2+2=5?
Market Updates
01/17/09This is an excerpt from the following article regarding corporations and their “tax havens”:
Citigroup had 427 units in 23 countries, including 91 subsidiaries in Luxembourg and 90 in the Cayman Islands. Morgan Stanley had 273 units, News Corp. had 152 and Bank of America had 115. Procter & Gamble Co. had 83 subsidiaries and Pfizer Inc. had 80 in the jurisdictions.

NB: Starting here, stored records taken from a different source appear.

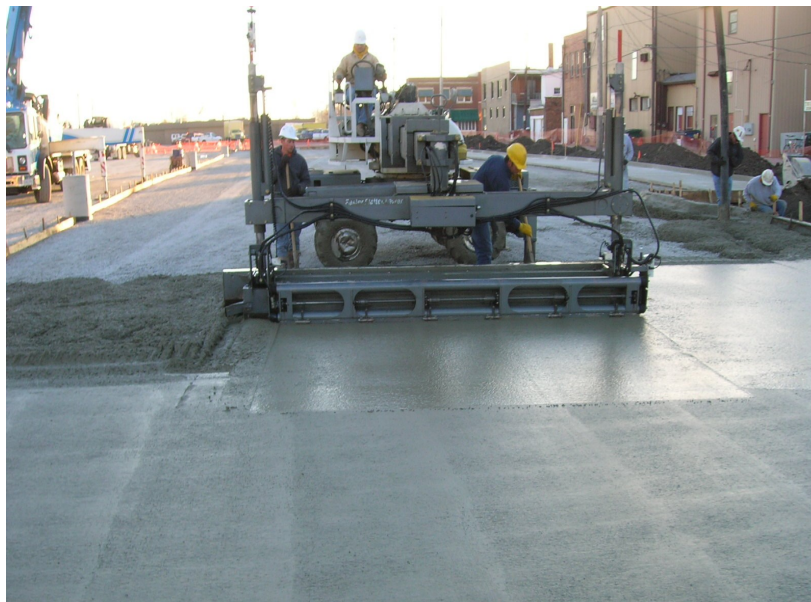
PCC Parking Lot Construction Revives Downtown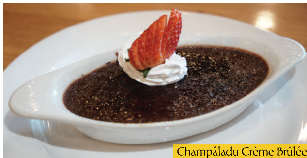
Champãladu Crème Brûlée

Meskla brings you back into grandma's kitchen with this dessert, local style chocolate rice porridge infused with a rich and creamy chocolate custard, finished off with the traditional caramelized sugar crust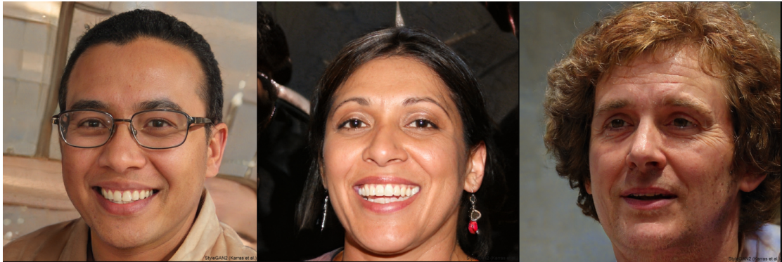
Figure 2: Portraits generated on the website thispersondoesnotexist.com (2024).

(see Figure 2). PimEyes finds faces similar to a person that doesn't exist, provoking questions both about the generated image used as a query and the status of the results. When visiting the offered, linked websites, the confusion increases as the user struggles to determine if the images pictured are synthetic or real. At this stage of development, PimEyes is a "technology in the making," and what kind of scenarios might be available in the future is only speculation.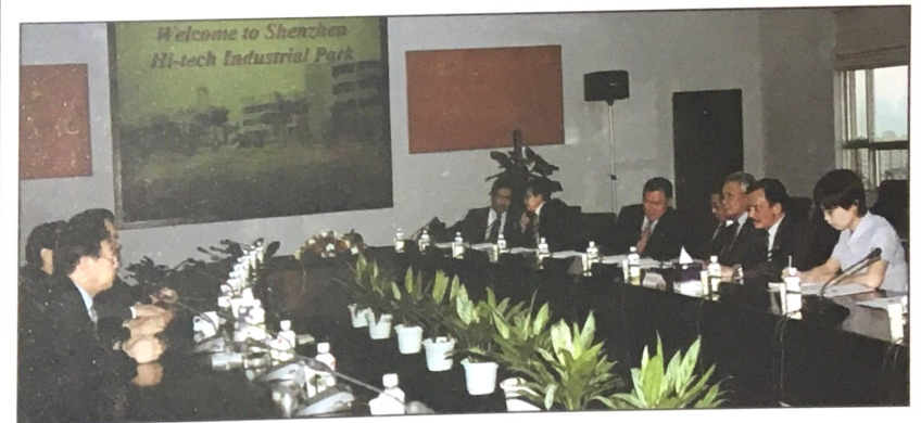
Above: His Majesty and some members of the Brunei delegation being briefed on Shenzhen Hi Tech Industrial Park, prior to their touring the site and its activities. Below left: His Majesty taking a close look at a communication equipment produced at the Shenzhen Hi Tech Industrial Park, and below right, the ruler while touring ZTE Telecom's component manufacturing section.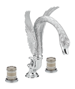
U8C.152 Rim mounted 3-hole basin mixer - high spout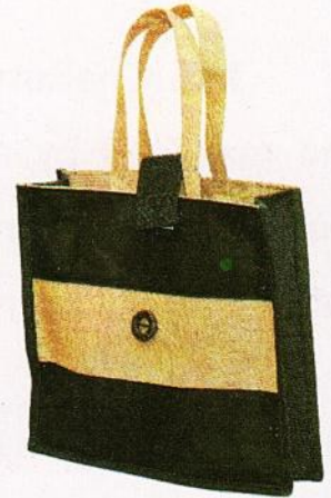
Jute Big Shopper Bag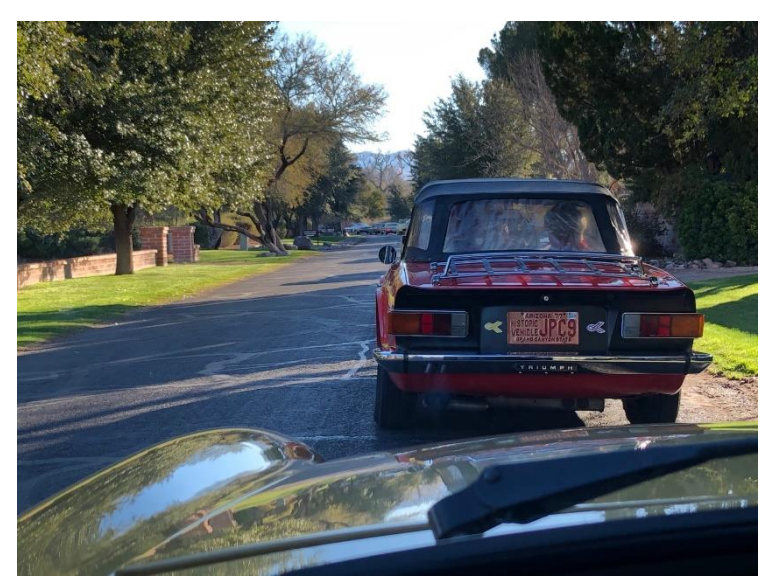
Into the Tubac resort

Several major corporations have announced plans to leave Bermuda, a leading offshore business center, amid the global financial crisis and fears of tighter tax rules. Tyco Electronics Ltd., which makes electronic components, and Foster Wheeler Ltd., an engineering and construction company, are reincorporating in Switzerland – which has a tax treaty with the U.S. – for tax and other reasons. Covidien Ltd., a health care products company, is heading to Ireland.
When major corporations incorporate in foreign countries with more attractive tax rates, especially when the vast majority of their business is in the United States, wouldn’t a normal person ask themselves why these companies go through this effort? Transitively, would not that questioning also lead to a strategic initiative that would stop these corporations from doing so? Apparently not.
The THOR Plan fully details the positive benefits of cutting the corporate tax rate. There are many of them. What are the positive benefits of leaving the already inflated rates or, even worse, increasing it? It only encourages businesses to move more jobs and subsidiaries overseas.